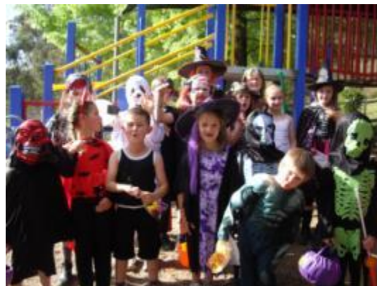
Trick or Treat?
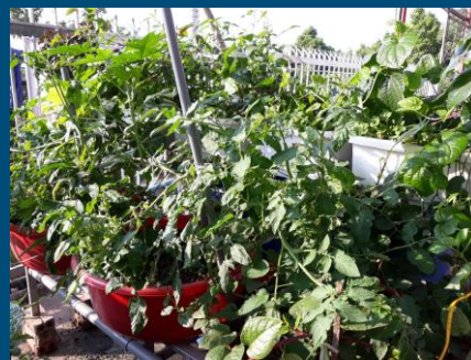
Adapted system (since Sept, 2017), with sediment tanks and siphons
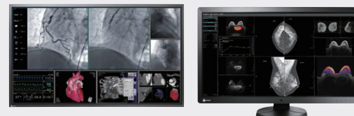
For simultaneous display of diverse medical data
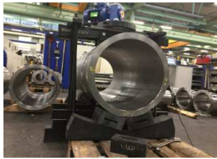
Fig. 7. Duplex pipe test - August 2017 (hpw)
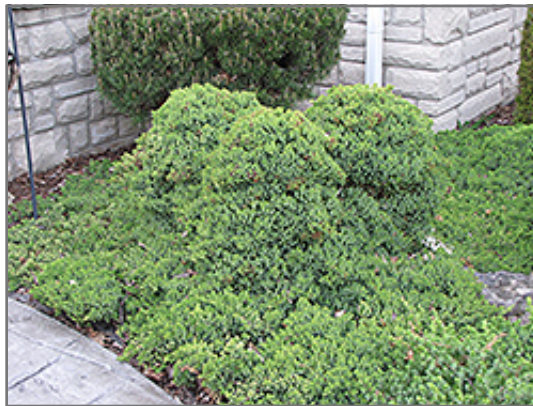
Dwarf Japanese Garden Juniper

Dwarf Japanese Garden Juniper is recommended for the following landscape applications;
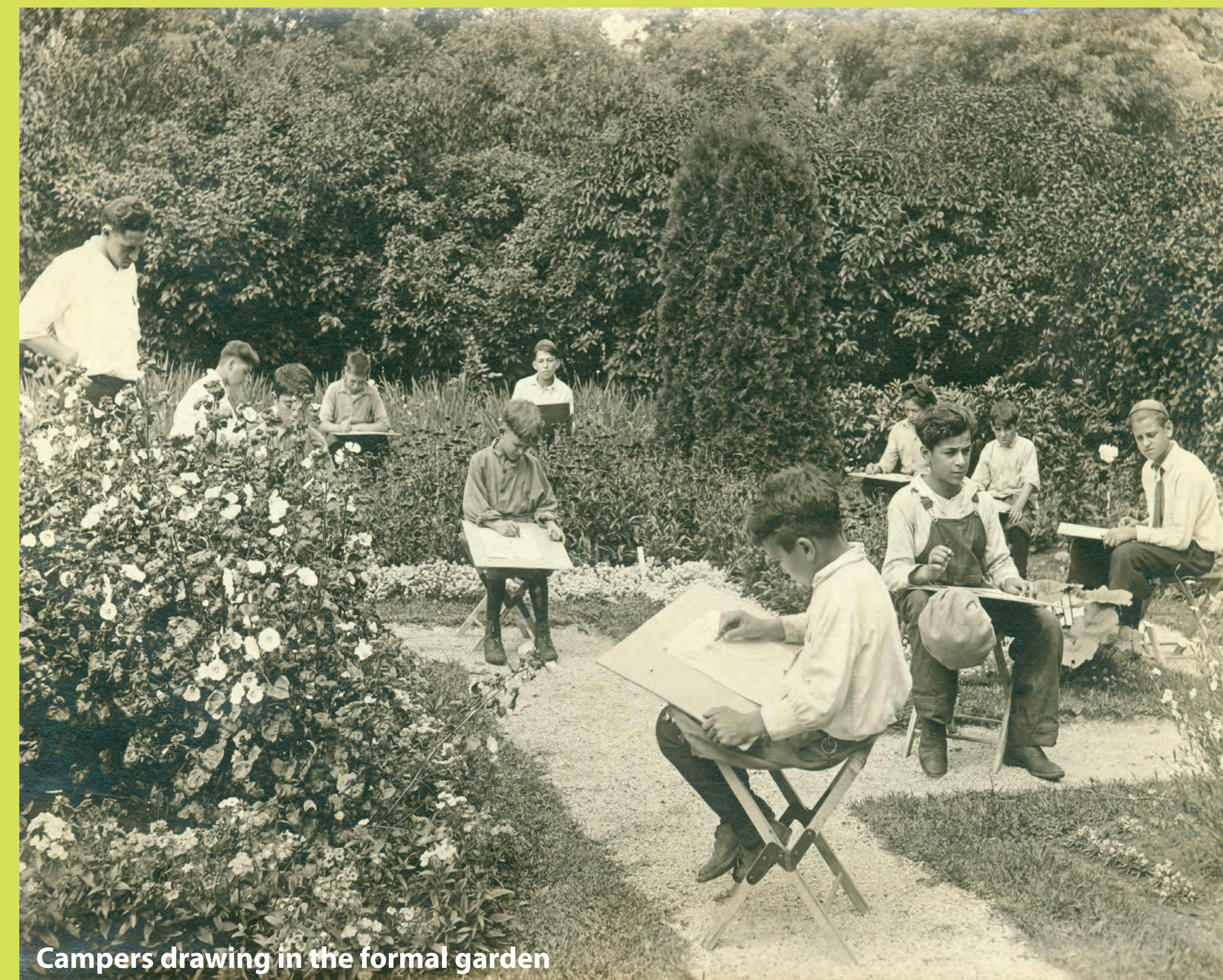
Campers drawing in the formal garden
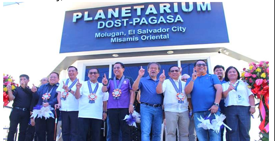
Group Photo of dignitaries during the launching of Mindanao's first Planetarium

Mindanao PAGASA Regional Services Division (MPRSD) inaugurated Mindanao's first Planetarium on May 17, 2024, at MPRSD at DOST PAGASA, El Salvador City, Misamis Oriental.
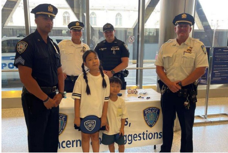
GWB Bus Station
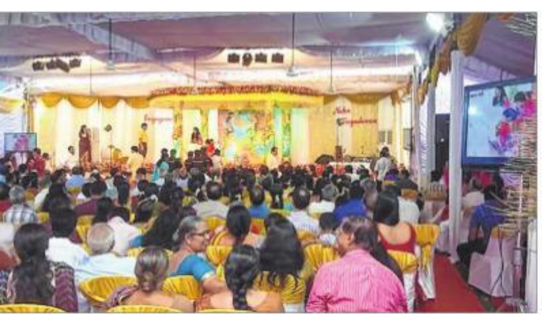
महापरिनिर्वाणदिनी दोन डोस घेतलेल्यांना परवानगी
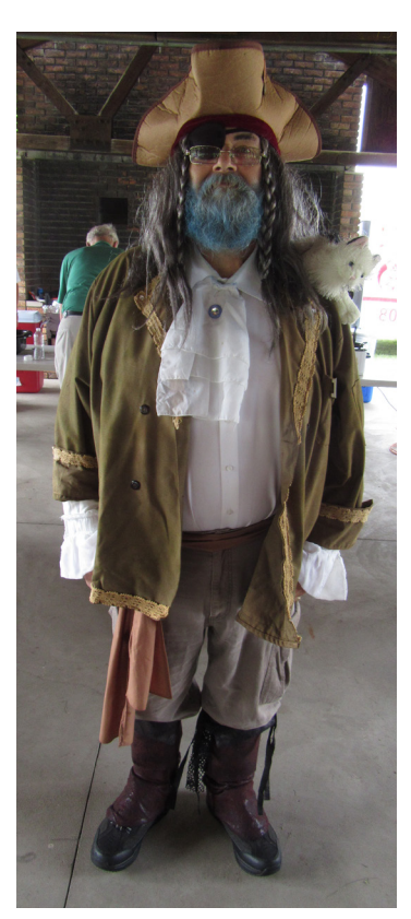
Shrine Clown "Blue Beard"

---

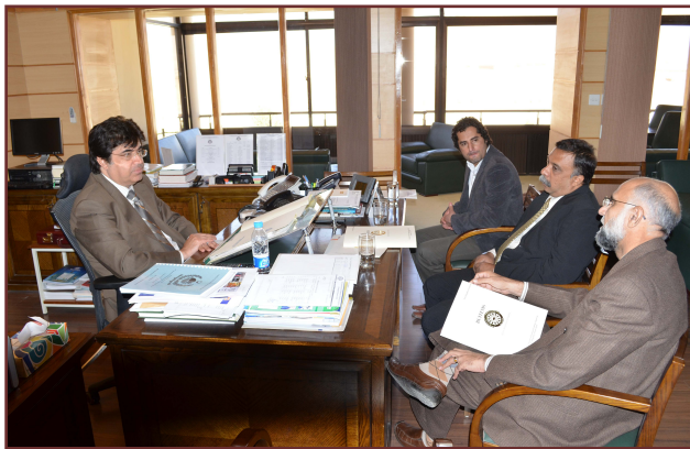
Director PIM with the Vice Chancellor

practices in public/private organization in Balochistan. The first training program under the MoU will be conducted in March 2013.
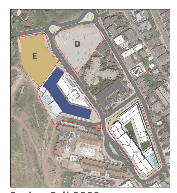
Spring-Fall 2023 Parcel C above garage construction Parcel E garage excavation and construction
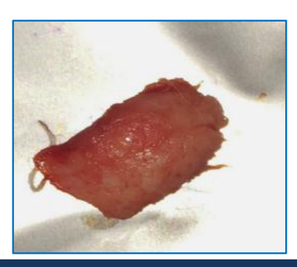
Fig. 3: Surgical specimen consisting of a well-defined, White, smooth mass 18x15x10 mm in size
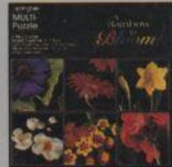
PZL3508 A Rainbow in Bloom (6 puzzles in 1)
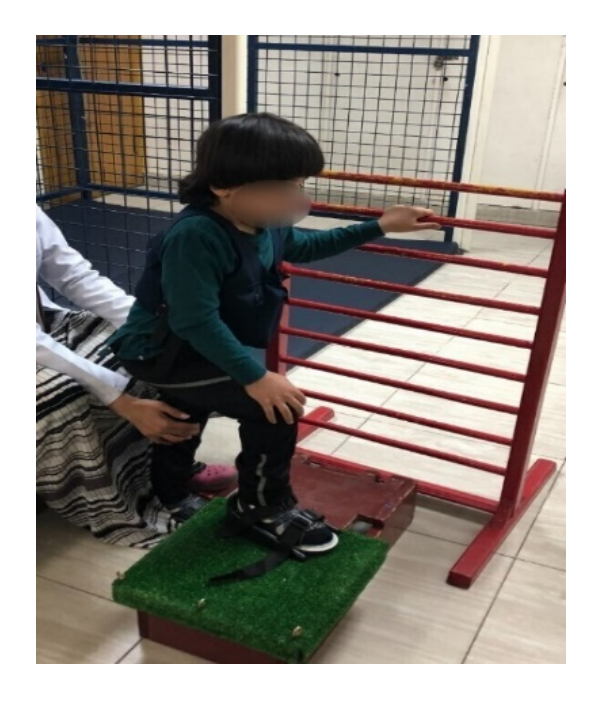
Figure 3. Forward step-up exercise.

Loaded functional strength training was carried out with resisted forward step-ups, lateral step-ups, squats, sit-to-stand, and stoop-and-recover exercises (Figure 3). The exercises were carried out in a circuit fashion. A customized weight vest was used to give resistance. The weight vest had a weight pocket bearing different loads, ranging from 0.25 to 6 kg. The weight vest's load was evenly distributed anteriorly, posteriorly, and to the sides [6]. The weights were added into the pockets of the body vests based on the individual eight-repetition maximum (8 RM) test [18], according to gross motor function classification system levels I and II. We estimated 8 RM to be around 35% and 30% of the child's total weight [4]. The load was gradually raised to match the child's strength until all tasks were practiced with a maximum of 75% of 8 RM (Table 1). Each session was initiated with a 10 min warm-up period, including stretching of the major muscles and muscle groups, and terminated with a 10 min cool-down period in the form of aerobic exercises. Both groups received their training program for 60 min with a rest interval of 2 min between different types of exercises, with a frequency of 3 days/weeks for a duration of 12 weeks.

==

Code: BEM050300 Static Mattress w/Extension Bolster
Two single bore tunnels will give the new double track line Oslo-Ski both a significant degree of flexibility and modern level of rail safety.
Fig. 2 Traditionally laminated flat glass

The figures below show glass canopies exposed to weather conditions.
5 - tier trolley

_What is being asked:_ Reproduce the data above exactly, but only from the line containing "Trick or Treat?" through the line containing "Campers drawing in the formal garden". Omit all pictures.

_Written solution:_
Trick or Treat?
Adapted system (since Sept, 2017), with sediment tanks and siphons
For simultaneous display of diverse medical data
Fig. 7. Duplex pipe test - August 2017 (hpw)
Dwarf Japanese Garden Juniper

Dwarf Japanese Garden Juniper is recommended for the following landscape applications;
Campers drawing in the formal garden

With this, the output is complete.